Justin Sullivan/Getty Images

More than 10,000 signatories have endorsed a White House petition calling for the federal prosecution of Senator Tom Cotton and 46 other Republican senators who addressed an open letter to Iran leaders advising them that, in regards to nuclear negotiations with the Obama administration, they "may not fully understand our constitutional system." Legal experts have been on fire discussing the constitutional and international-law implications of the letter, but the petition opens up a new front: Can Cotton and his cosigners be federally prosecuted for the move?

Even if the petition reached the 100,000-signature mark required for the White House to act—remember the Justin Bieber response?—a prosecution won’t happen because the federal government enjoys wide latitude to enforce the law as it sees fit. And the law that would ostensibly apply here—the Logan Act, which broadly prohibits citizens from engaging a foreign government in its dealings with the U.S.—is a criminal statute where federal authorities hold undisputed prosecutorial discretion: they call the shots as to which cases to bring. It’s not something you just rally around and expect prosecutors to respond.

This explains why past Logan Act gamesmanship against members of Congress has been largely ignored, as when demands to prosecute Congresswoman Nancy Pelosi for meeting with Syrian President Bashar Assad fell on deaf ears, or when then-Senator Barack Obama made a trip to Iraq and was soon accused of illegality. To illustrate the gamesmanship, Breitbart compiled a list of times when Democrats should’ve been slapped with Logan Act prosecutions, but weren’t. Like calling Cotton a traitor, it seems Logan Act trutherism is more a product of political winds than anything else.

But assuming prosecutors did follow the winds, it’s doubtful they would even bother with the largely disavowed Logan Act. Not only has the law sat in the books collecting dust since 1803—the last year it was invoked for aprosecution that ultimately failed—but American University law professor Steve Vladeck notes that, under contemporary understanding of constitutional law, the statute is too vague to give clear notice of what it prohibits, as well as a restriction on speech that likely violates the First Amendment. And Georgetown law professor Marty Lederman has pointed out that, constitutional concerns aside, the law has rightly “lapsed into desuetude”—that is, it’s unenforceable by virtue of its non-enforcement. As in, forgotten forever.

Far better that way, because if one were to enforce the letter of the law verbatim, “any citizen” could be caught in the Logan Act’s wide net of undefined vagaries—even, say, a well-meaning lawyer advising a foreign government on a trade deal with the United States. Or an immigrant writing her country of origin to request diplomatic pressure on the United States to enact comprehensive immigration reform. The possibilities are endless.

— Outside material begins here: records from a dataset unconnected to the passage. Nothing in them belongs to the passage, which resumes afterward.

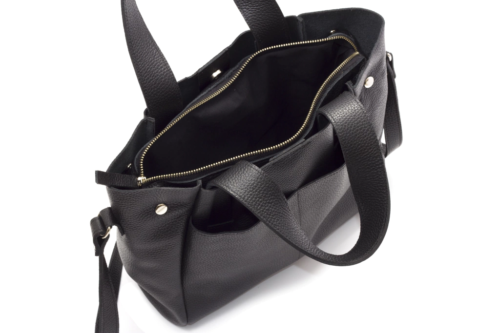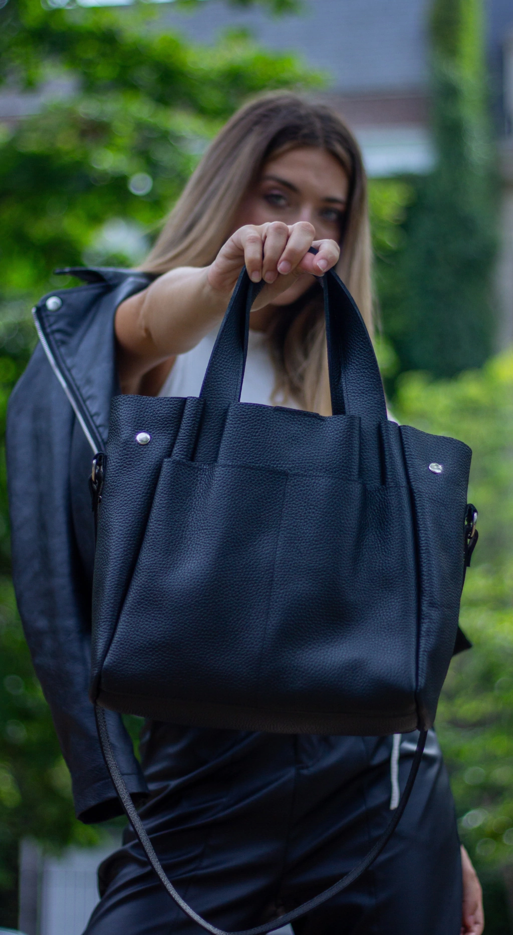 Artículo 3323: CARTERA NEGRA CON NECESER INTERNO DESMONTABLEDescubre la elegancia y funcionalidad de nuestraCartera Negra con Neceser Interno Desmontable, un accesorio que no puede faltar en tu colección. Confeccionada en%100 cuero vacuno, esta cartera es perfecta para quienes buscan un complemento de gran capacidad sin sacrificar el estilo.Características destacadas:Medidas Perfectas:Con dimensiones de 28 cm (an) x 25 cm (al) x 9 cm (prof), ofrece amplio espacio para tus pertenencias.Correas Versátiles:Incluye una correa corta de mano y una correa larga regulable, ideal para diferentes ocasiones.Practicidad en el Diseño:Cuenta con un bolsillo externo en la tapa frontal para mayor organización y un neceser interno desmontable con cierre metálico, facilitando el acceso a tus objetos.Regalo Especial:Llavero JASMINA incluido sin costo adicional.No esperes más para elevar tu estilo. ¡Compra ahora y disfruta de la combinación perfecta de elegancia y funcionalidad!
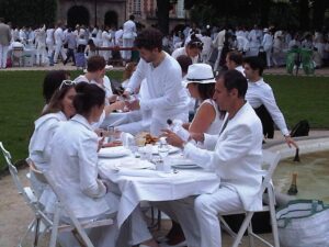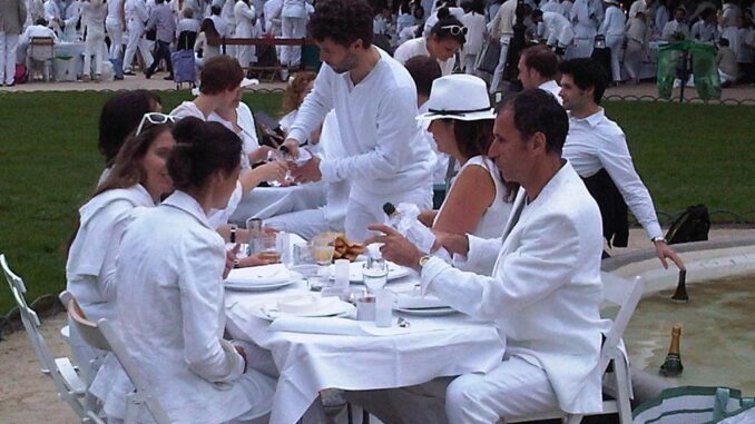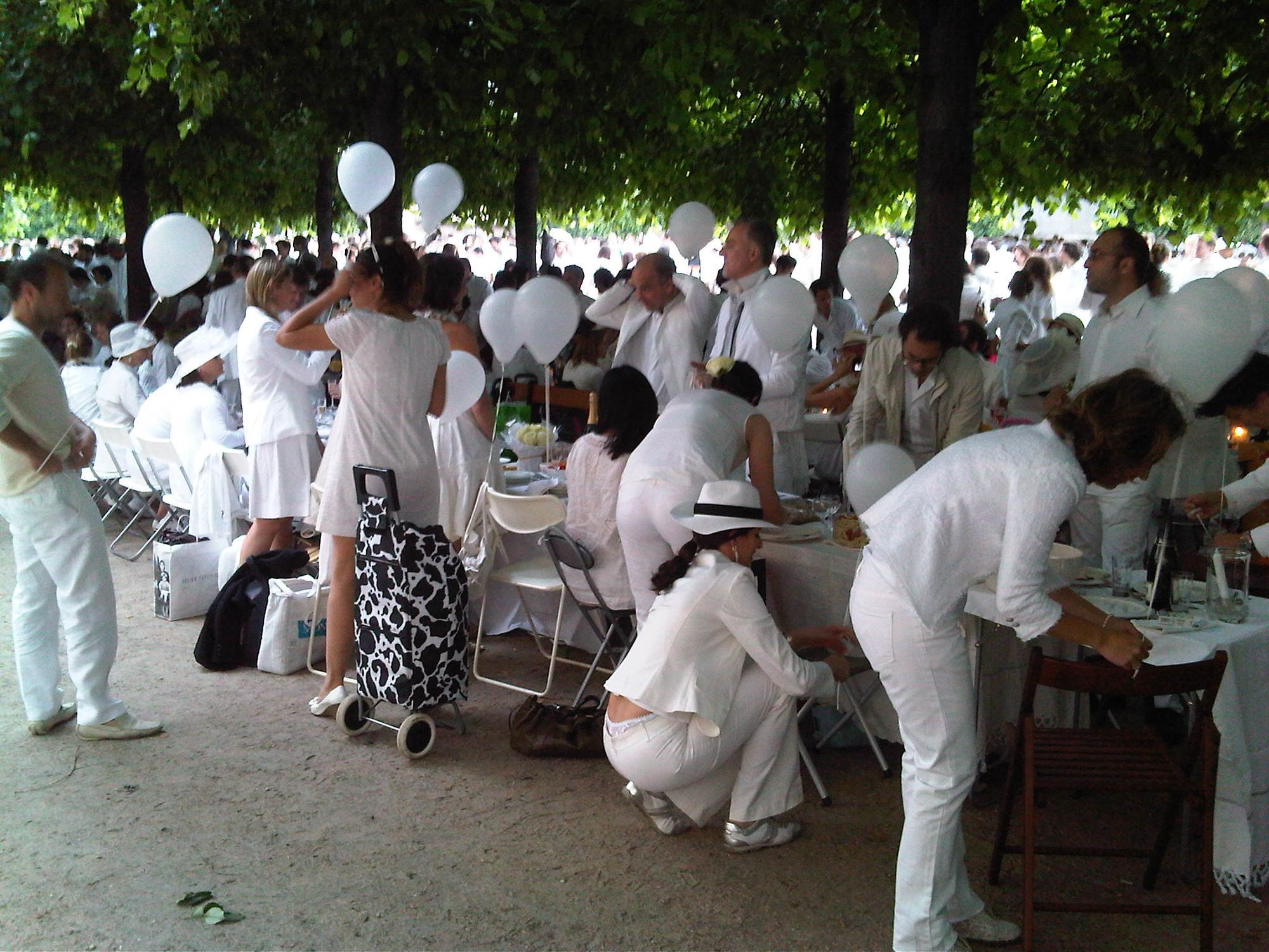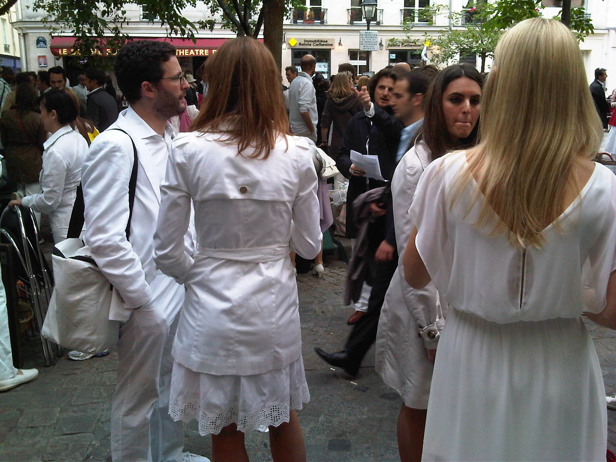 Cosa sia il diner en blanc, o white dinner, l'abbiamo raccontato. E' l'adunata sediziosa di un gruppo sempre più numeroso di giovani selezionati, della buona borghesia francese, che decide di vestirsi di bianco e piazzare tavoli e sedie in un luogo della città. Una sorta di flash mob ante litteram, inventato nel 1988 da tal François Pasquier.
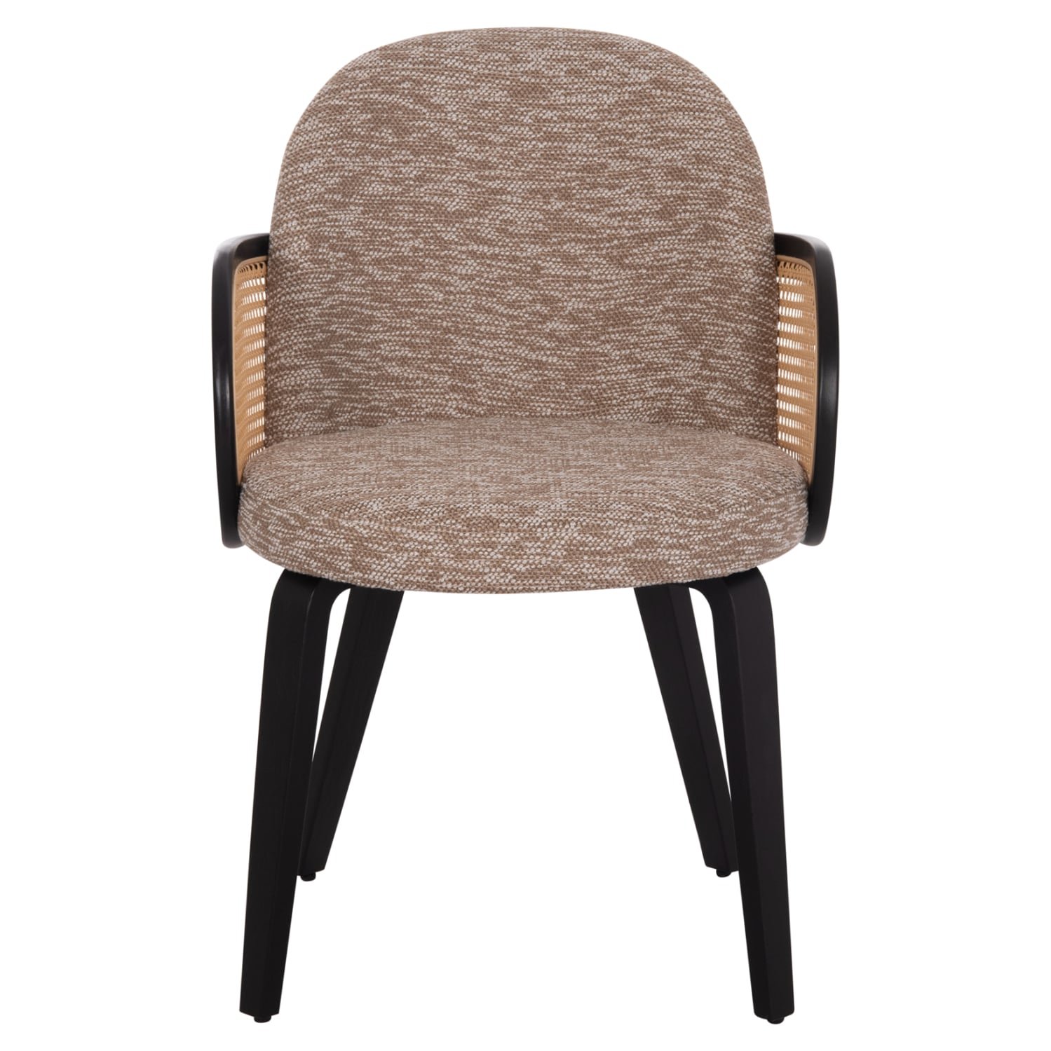 Η πολυθρόνα τραπεζαρίας BECKER αποτελεί ακόμα μια εξαιρετική πρόταση τόσο για το σπίτι, όσο και για τον επαγγελματικό σας χώρο. Ο πανέμορφος σκελετός με το συμμετρικό design είναι από plywood σε επιβλητικό ΜΑΥΡΟ χρώμα, και το χαρακτηριστικό του είναι η μπεζ «σίτα» που υπάρχει στην κατασκευή των μπράτσων. Το κάθισμα και η πλάτη είναι επενδυμένα με υπέροχο ανάγλυφο ύφασμα σε ΚΑΦΕ χρώμα, ενώ στο κάτω μέρος των ποδιών υπάρχουν ρεγουλατόροι για ρύθμιση της σταθερότητας της καρέκλας.
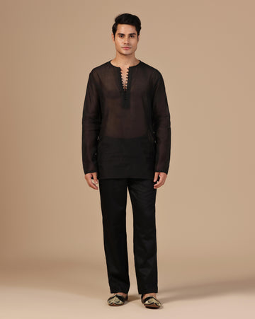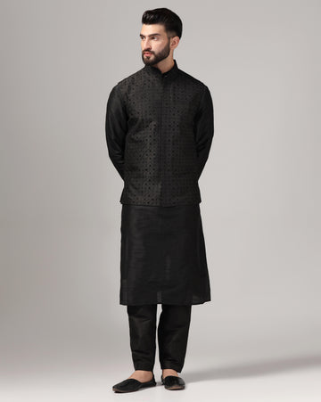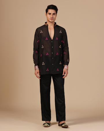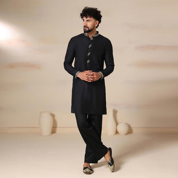 Work: Pearl, Dabka & stone work Color: Black Fabric: Dupion Silk Neck: Stand Collar Kurta...
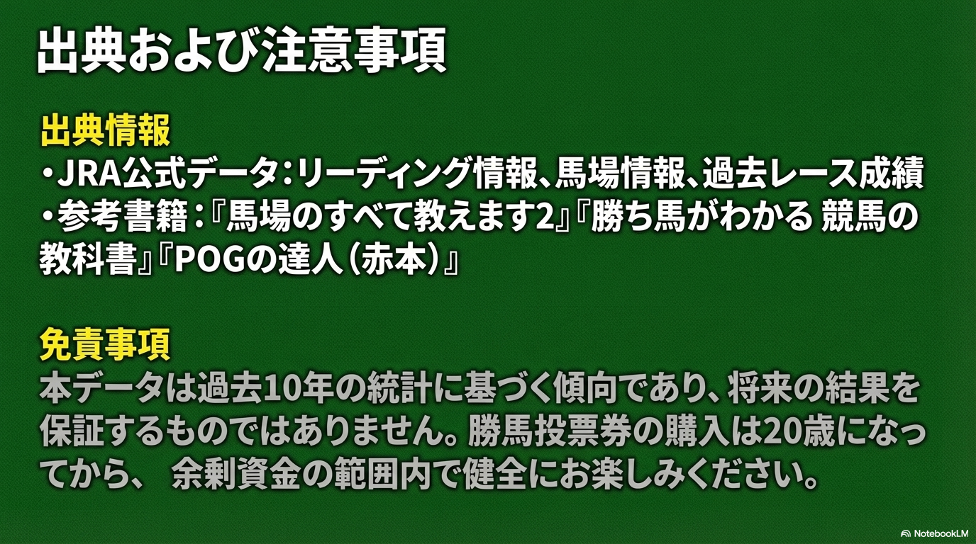 本記事で紹介した阪神芝1600mの過去10年データは、あくまで統計に基づく傾向であり、将来のレース結果を断定的に保証するものではありません。競馬には不確定要素が常に存在します。最終的な馬券の購入判断は、JRA公式サイトの最新情報を確認の上、ご自身の責任において行ってください。また、勝馬投票券の購入は20歳になってから、余剰資金の範囲内で健全に楽しみましょう。この記事が皆さんの競馬ライフをより豊かにする一助となれば幸いです。
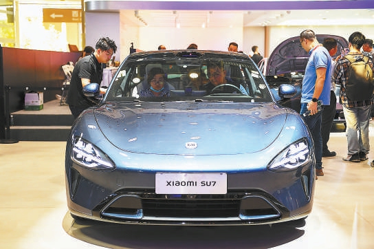 北京車(chē)企推出多款新車(chē),小米汽車(chē)展臺(tái)人氣爆棚。北京晚報(bào)記者 潘之望 攝
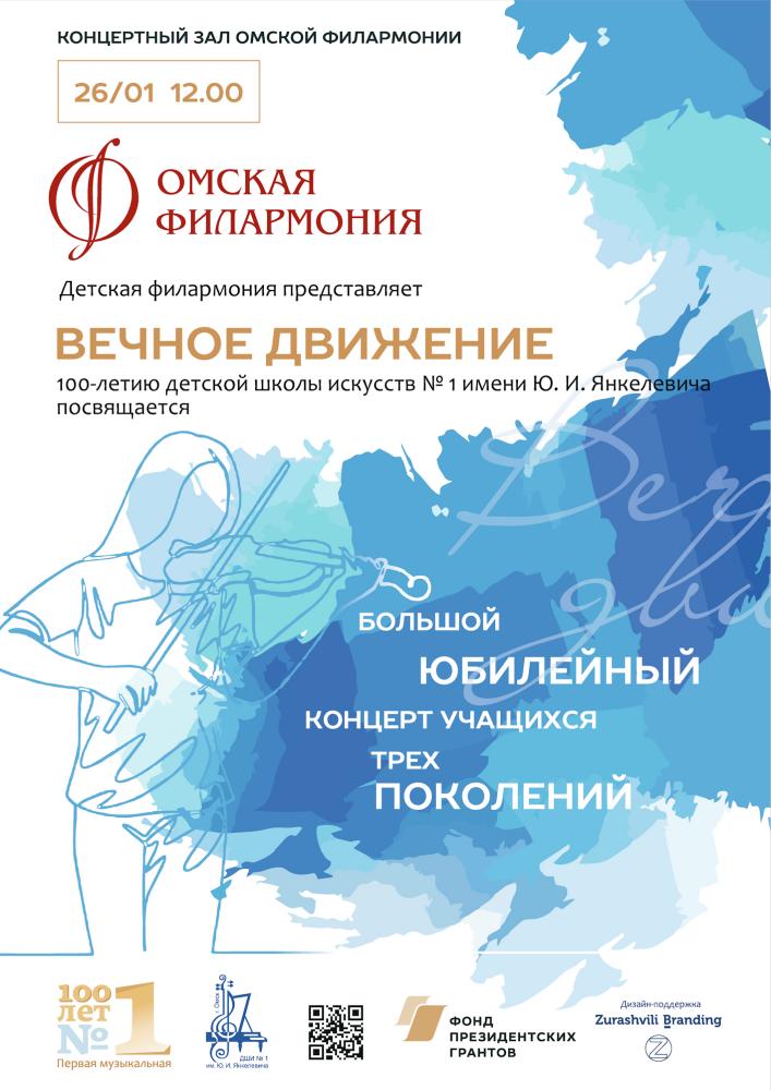 Кульминацией празднования 100-летия детского музыкального образования в Омске стал незабываемый большой концерт учащихся школы трех поколений. На сцене двести детей в доброй традиции лучших детских концертов Центрального телевидения: солисты и ансамбли, большой сводный хор. Художественно-музыкальная композиция в первом отделении и филармоническая программа струнного оркестра школы с юными солистами всех отделений во втором с потрясающими номерами – такими, как выступление сводного ансамбля скрипачей омских школ, где сейчас работают педагоги, учившиеся когда-то в первой школе. 50 ребятишек исполнили символическое для школы «Вечное движение» Бома. «Вечное движение» – это девиз, под которым вот уже 100 лет детская школа искусств № 1 имени Ю. И. Янкелевича находит таланты и дает им путевку в жизнь.

As constitutional scholar Louis Fisher once put it, “If ever there is a dead letter in the law, it is the Logan Act and the stilted thinking that inspired it.” Indeed, it is similar stilted thinking that calls for the criminalization of Cotton’s Iran letter—a politically and constitutionally questionable move, sure, but far removed from the fears of executive usurpation that inspired enactment of this felony more than 200 years ago.

Correction: Marty Lederman is a law professor at Georgetown, not Cornell.